Coca-Cola Enterprises is anexclusive western European bottler of The Coca-Cola Company (KO - Free Report) and is geographically focused in Western Europe.

Coca-Cola Enterprises’ fourth-quarter 2013 adjusted earnings of 54 cents per share beat the Zacks Consensus Estimate by 3.8%. Earnings increased 20.0% over the prior-year quarter driven by currency benefits, lower share count and strong margins.

Though marginally short of the Zacks Consensus Estimate, revenues grew 6% year over year due to volume growth and successful marketing initiatives like the “Share a Coke” campaign. Volumes growth was driven by solid holiday promotions and execution and easier comparisons due to soft volume growth in the prior-year quarter. Adjusted operating income grew 9% on a currency neutral basis to $232 million due to volume growth and cost reduction.

The estimates were mostly revised upwards in response to the strong results. The Zacks Consensus Estimate for fiscal 2014 increased 0.7% and that for fiscal 2015 went up 1% over the last 60 days.

Also, the board of directors at Coca-Cola Enterprises announced a 25% increase in its quarterly dividend. The company has increased its dividend by at least 25% in each of the last five years. In addition, Coca-Cola Enterprises has already completed two $1 billion share repurchase programs since the divestiture of its North American operations to The Coca-Cola Company.
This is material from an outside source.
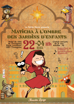 « Maticha à l’ombre des jardins d’enfants » est une belle invitation faite aux petits et grands à venir se promener au cœur même d’une histoire féerique au pays des animaux qui parlent, qui chantent et qui dansent. Cette sublime revisite des comptines d’enfance teintée d’une sonorité orientale saura vous emporter dans sa douce créativité

In addition, the board authorized another $1 billion buyback program in December last year apart from the current plan under which the company is buying shares. The regular dividend hikes and share buybacks can be achieved with its solid balance sheet and strong free cash flows.

We believe Coca-Cola Enterprises’ strong brand portfolio, solid cash position, cost saving initiatives and accelerated share buybacks will help it to ride out the current volatile environment and spur profitability. Moreover, the company is seeing some signs of improvement in the Western European economies.

Other Stocks to Consider

Other stocks in the beverage sector that are doing well include Dr Pepper Snapple Group, Inc. (DPS - Free Report) and Monster Beverage Corp. (MNST - Free Report) .  Both stocks carry the same rank as Coca-Cola Enterprises.